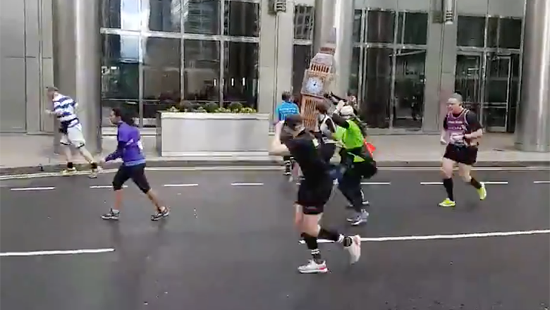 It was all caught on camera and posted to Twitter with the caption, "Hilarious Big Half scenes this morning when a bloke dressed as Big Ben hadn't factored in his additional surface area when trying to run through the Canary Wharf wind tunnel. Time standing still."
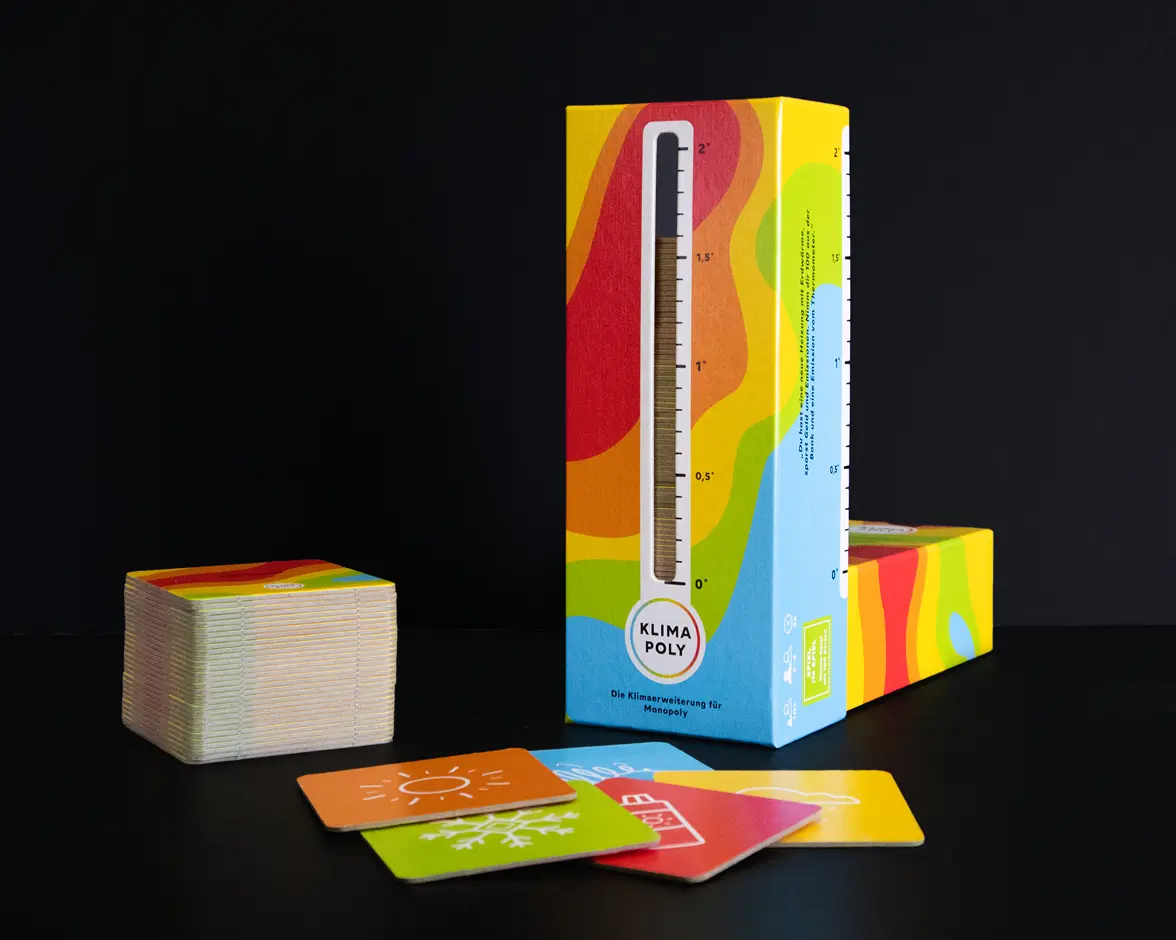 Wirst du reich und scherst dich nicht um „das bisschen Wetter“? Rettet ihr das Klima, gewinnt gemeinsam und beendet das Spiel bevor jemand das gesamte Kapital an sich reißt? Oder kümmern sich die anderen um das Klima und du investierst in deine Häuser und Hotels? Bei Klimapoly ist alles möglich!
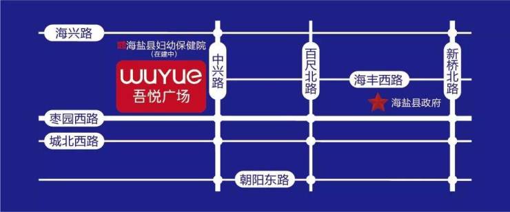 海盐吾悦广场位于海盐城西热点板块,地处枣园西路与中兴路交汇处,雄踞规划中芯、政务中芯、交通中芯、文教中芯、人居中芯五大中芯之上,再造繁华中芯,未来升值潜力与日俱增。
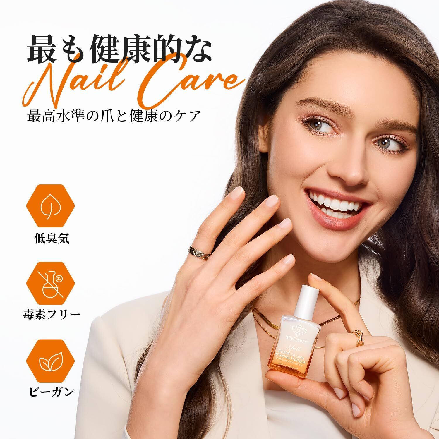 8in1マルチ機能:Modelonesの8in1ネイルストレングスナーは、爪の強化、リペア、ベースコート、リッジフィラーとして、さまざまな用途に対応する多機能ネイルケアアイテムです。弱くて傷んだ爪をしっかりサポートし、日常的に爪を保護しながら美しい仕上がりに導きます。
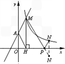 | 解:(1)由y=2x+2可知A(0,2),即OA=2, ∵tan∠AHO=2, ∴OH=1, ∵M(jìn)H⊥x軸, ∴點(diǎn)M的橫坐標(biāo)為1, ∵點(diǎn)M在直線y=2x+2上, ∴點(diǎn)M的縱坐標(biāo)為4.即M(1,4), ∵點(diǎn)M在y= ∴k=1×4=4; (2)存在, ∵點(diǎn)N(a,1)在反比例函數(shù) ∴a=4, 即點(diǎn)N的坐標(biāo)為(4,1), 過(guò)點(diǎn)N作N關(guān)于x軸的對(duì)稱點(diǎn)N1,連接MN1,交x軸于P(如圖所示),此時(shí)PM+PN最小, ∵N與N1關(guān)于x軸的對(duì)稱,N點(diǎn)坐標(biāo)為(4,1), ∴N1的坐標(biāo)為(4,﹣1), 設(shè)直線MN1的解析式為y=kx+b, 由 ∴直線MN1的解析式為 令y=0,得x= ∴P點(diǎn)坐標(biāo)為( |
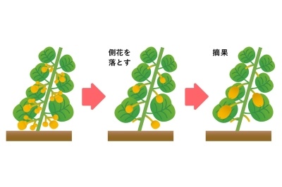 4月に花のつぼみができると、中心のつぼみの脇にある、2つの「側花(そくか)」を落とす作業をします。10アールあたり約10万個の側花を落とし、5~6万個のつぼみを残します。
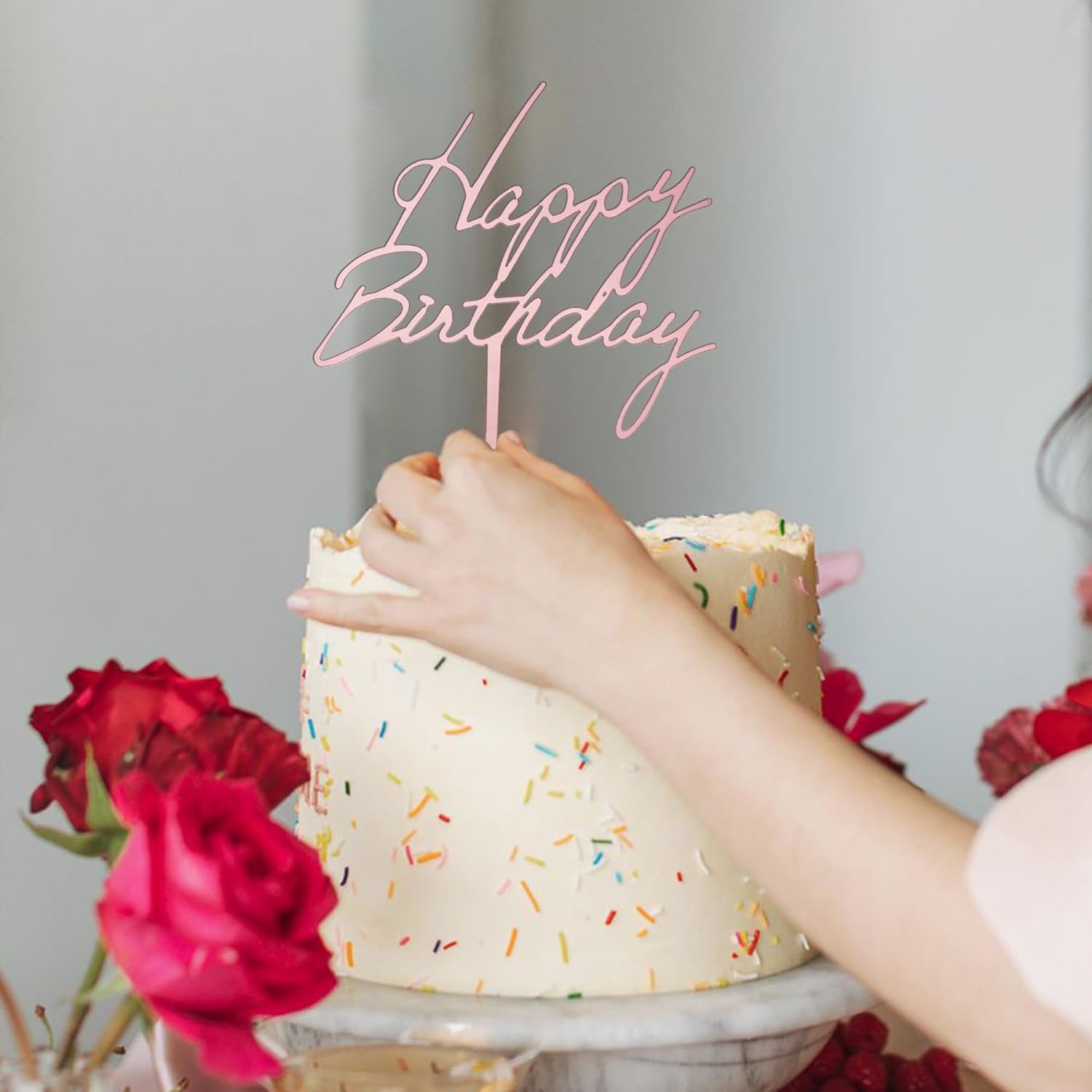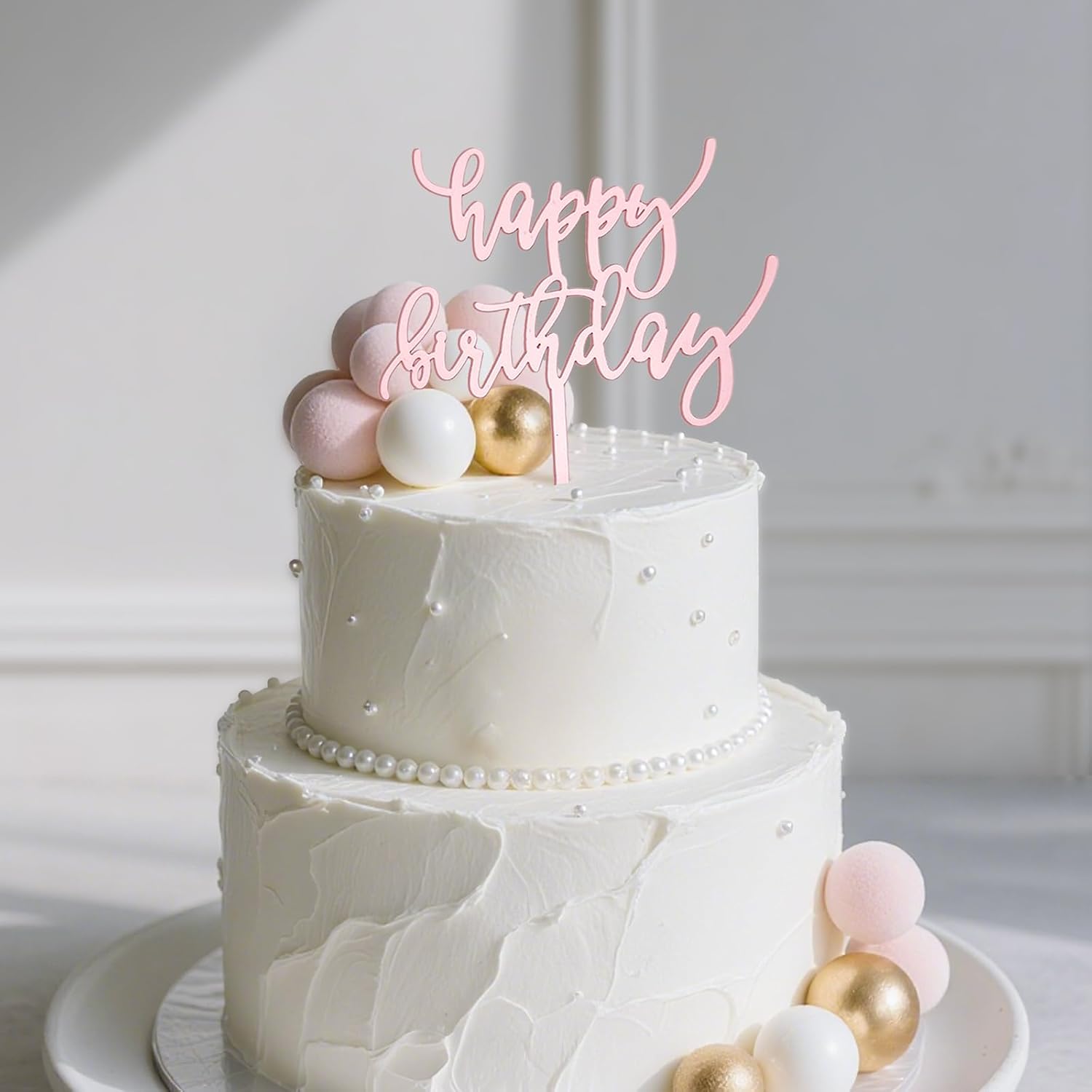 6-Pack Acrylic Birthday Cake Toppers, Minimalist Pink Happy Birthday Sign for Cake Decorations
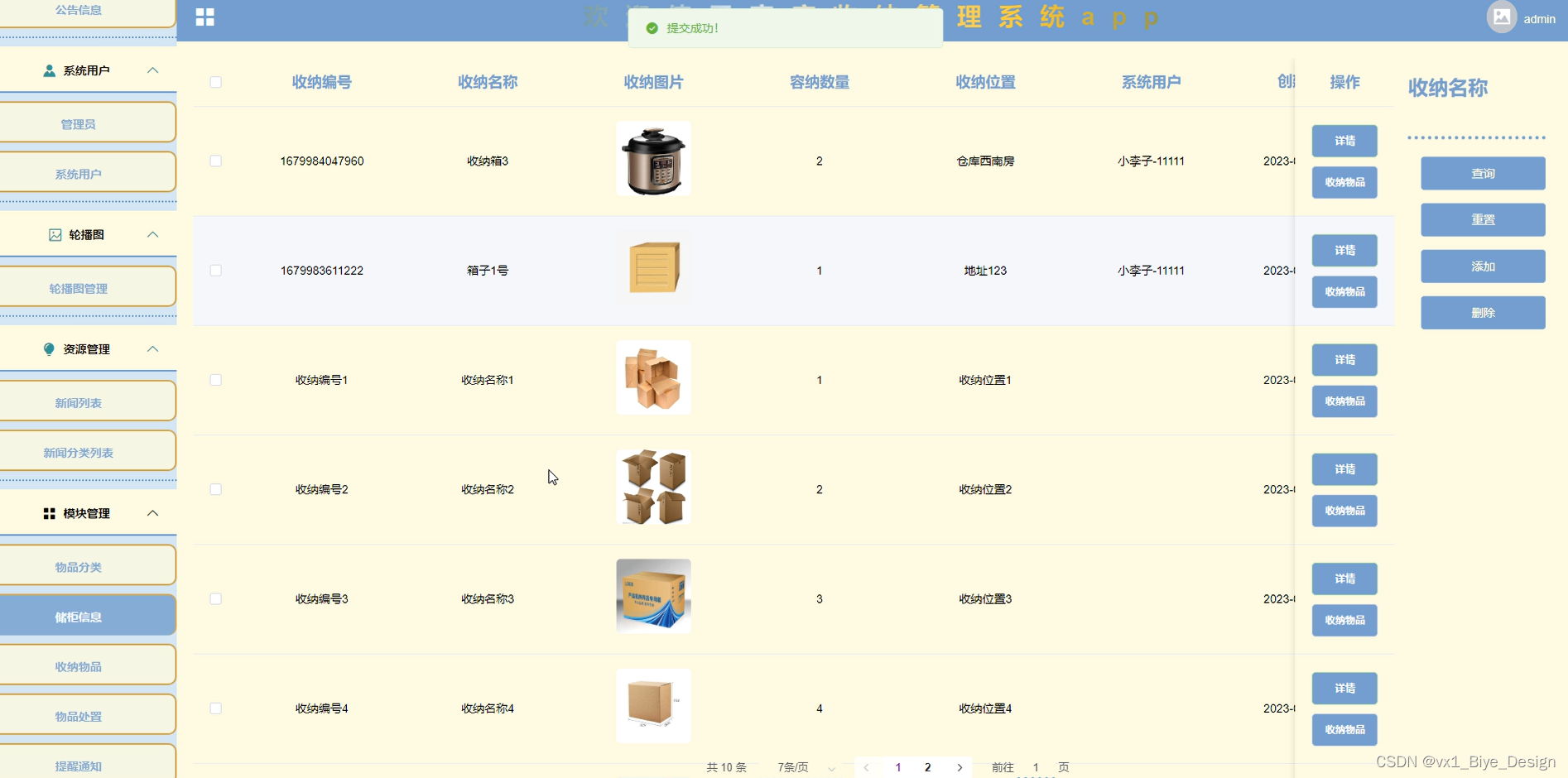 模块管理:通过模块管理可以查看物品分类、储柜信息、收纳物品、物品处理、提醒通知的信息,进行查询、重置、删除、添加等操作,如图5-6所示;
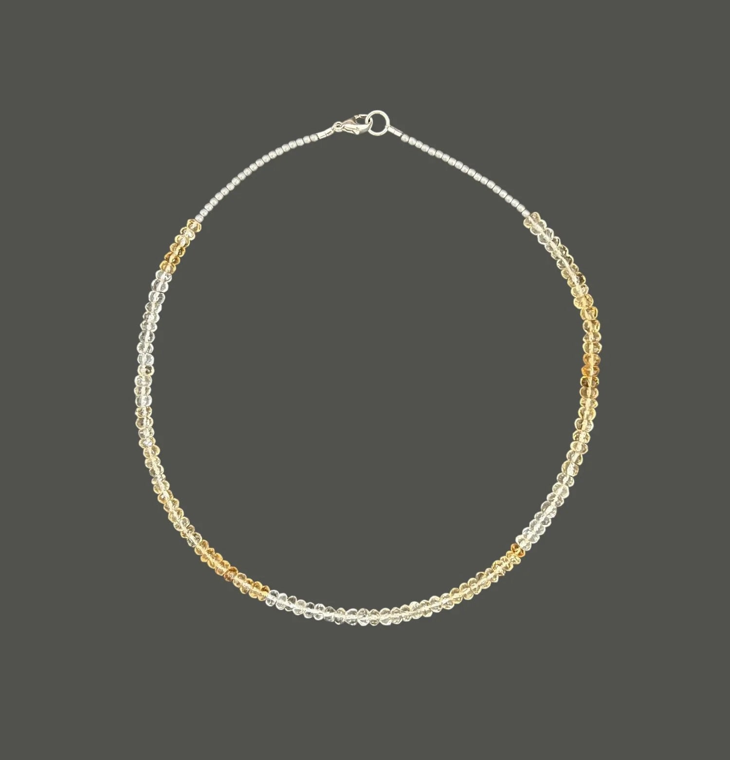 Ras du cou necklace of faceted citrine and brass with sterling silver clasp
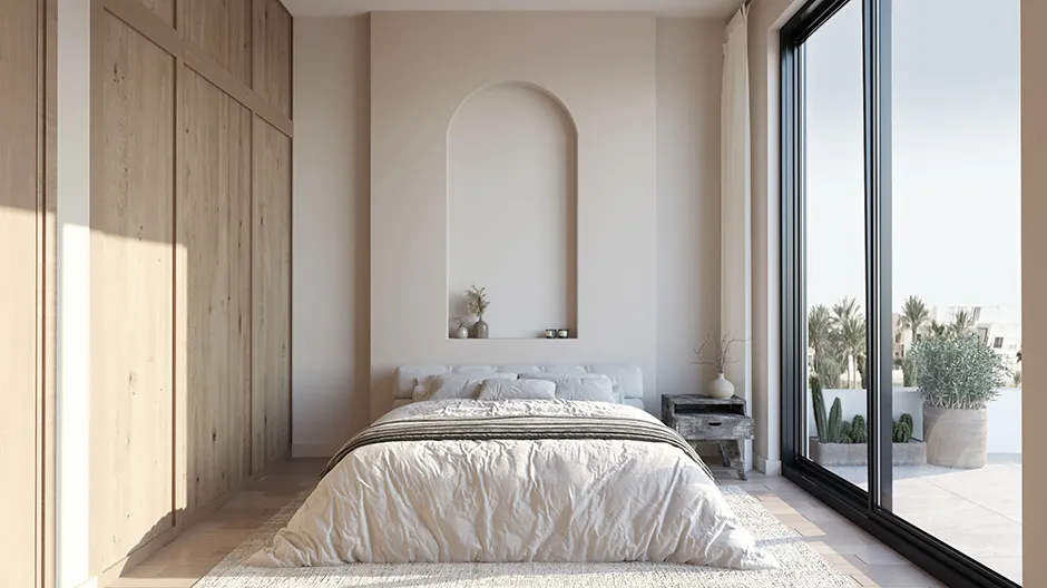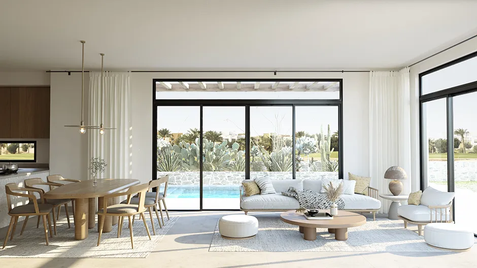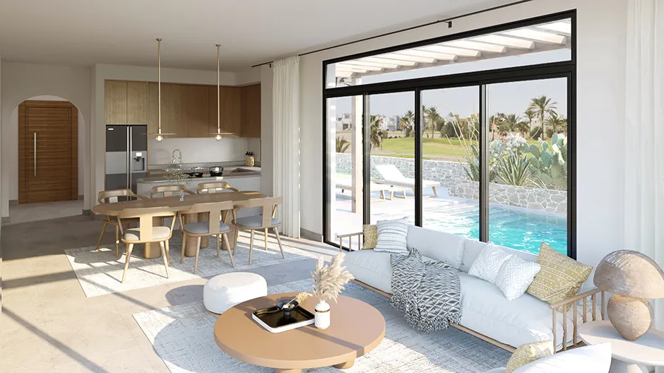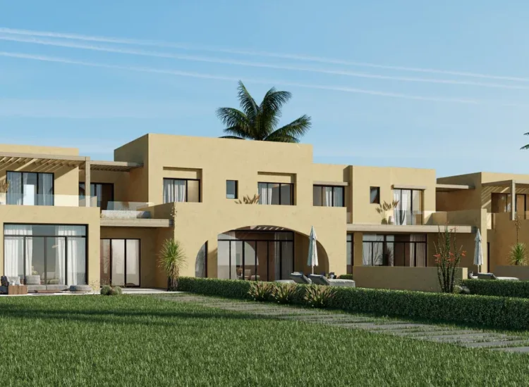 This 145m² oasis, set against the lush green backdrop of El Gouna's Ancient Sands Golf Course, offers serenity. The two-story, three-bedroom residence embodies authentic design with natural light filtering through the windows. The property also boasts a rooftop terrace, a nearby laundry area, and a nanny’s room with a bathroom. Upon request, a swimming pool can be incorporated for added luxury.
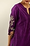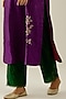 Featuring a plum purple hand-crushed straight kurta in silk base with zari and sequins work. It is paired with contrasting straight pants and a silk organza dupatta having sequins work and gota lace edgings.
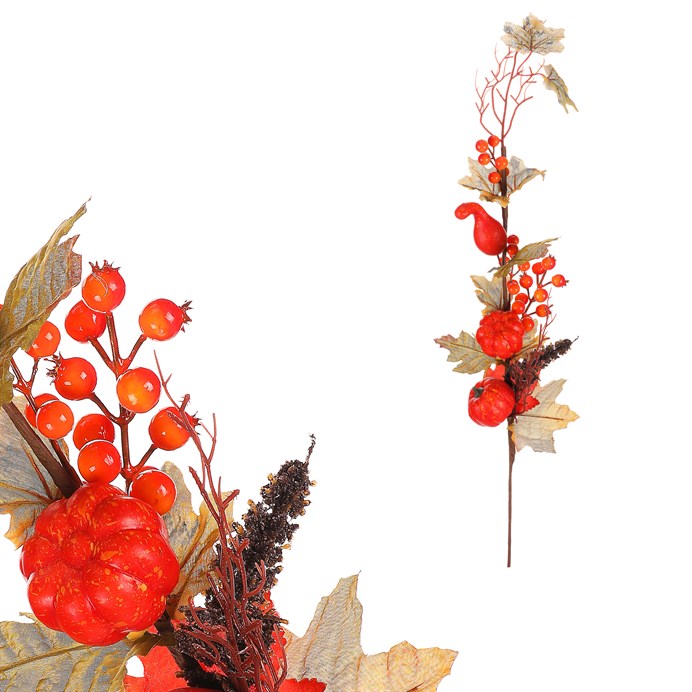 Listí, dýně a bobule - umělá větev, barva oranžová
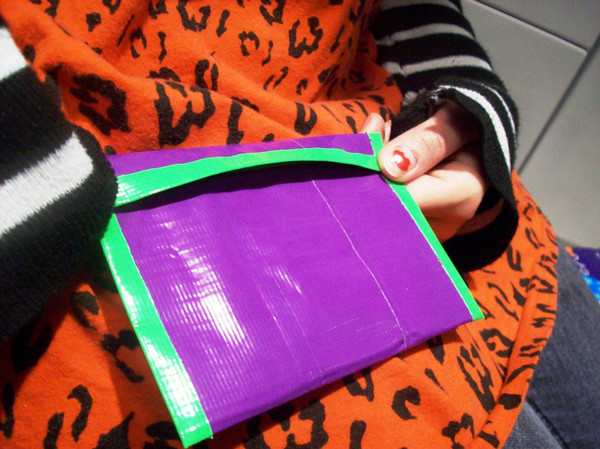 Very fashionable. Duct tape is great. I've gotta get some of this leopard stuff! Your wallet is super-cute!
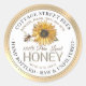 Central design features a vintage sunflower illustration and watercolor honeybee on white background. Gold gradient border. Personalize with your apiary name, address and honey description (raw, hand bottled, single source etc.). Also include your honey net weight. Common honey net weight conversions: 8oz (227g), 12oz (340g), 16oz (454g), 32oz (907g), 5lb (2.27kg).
◆ ◆ ◆ ◆ ◆ ◆ ◆
**Problem to solve**
Could you reproduce exactly, and only, the lines from the one containing "令y=0,得x= ∴P點(diǎn)坐標(biāo)為( |" through the end of the records above, both included, while leaving out the pictures?

**Response to the exercise**
 | 解:(1)由y=2x+2可知A(0,2),即OA=2, ∵tan∠AHO=2, ∴OH=1, ∵M(jìn)H⊥x軸, ∴點(diǎn)M的橫坐標(biāo)為1, ∵點(diǎn)M在直線y=2x+2上, ∴點(diǎn)M的縱坐標(biāo)為4.即M(1,4), ∵點(diǎn)M在y= ∴k=1×4=4; (2)存在, ∵點(diǎn)N(a,1)在反比例函數(shù) ∴a=4, 即點(diǎn)N的坐標(biāo)為(4,1), 過(guò)點(diǎn)N作N關(guān)于x軸的對(duì)稱點(diǎn)N1,連接MN1,交x軸于P(如圖所示),此時(shí)PM+PN最小, ∵N與N1關(guān)于x軸的對(duì)稱,N點(diǎn)坐標(biāo)為(4,1), ∴N1的坐標(biāo)為(4,﹣1), 設(shè)直線MN1的解析式為y=kx+b, 由 ∴直線MN1的解析式為 令y=0,得x= ∴P點(diǎn)坐標(biāo)為( |
 4月に花のつぼみができると、中心のつぼみの脇にある、2つの「側花(そくか)」を落とす作業をします。10アールあたり約10万個の側花を落とし、5~6万個のつぼみを残します。
 6-Pack Acrylic Birthday Cake Toppers, Minimalist Pink Happy Birthday Sign for Cake Decorations
 模块管理:通过模块管理可以查看物品分类、储柜信息、收纳物品、物品处理、提醒通知的信息,进行查询、重置、删除、添加等操作,如图5-6所示;
 Ras du cou necklace of faceted citrine and brass with sterling silver clasp
 This 145m² oasis, set against the lush green backdrop of El Gouna's Ancient Sands Golf Course, offers serenity. The two-story, three-bedroom residence embodies authentic design with natural light filtering through the windows. The property also boasts a rooftop terrace, a nearby laundry area, and a nanny’s room with a bathroom. Upon request, a swimming pool can be incorporated for added luxury.
 Featuring a plum purple hand-crushed straight kurta in silk base with zari and sequins work. It is paired with contrasting straight pants and a silk organza dupatta having sequins work and gota lace edgings.
 Listí, dýně a bobule - umělá větev, barva oranžová
 Very fashionable. Duct tape is great. I've gotta get some of this leopard stuff! Your wallet is super-cute!
 Central design features a vintage sunflower illustration and watercolor honeybee on white background. Gold gradient border. Personalize with your apiary name, address and honey description (raw, hand bottled, single source etc.). Also include your honey net weight. Common honey net weight conversions: 8oz (227g), 12oz (340g), 16oz (454g), 32oz (907g), 5lb (2.27kg).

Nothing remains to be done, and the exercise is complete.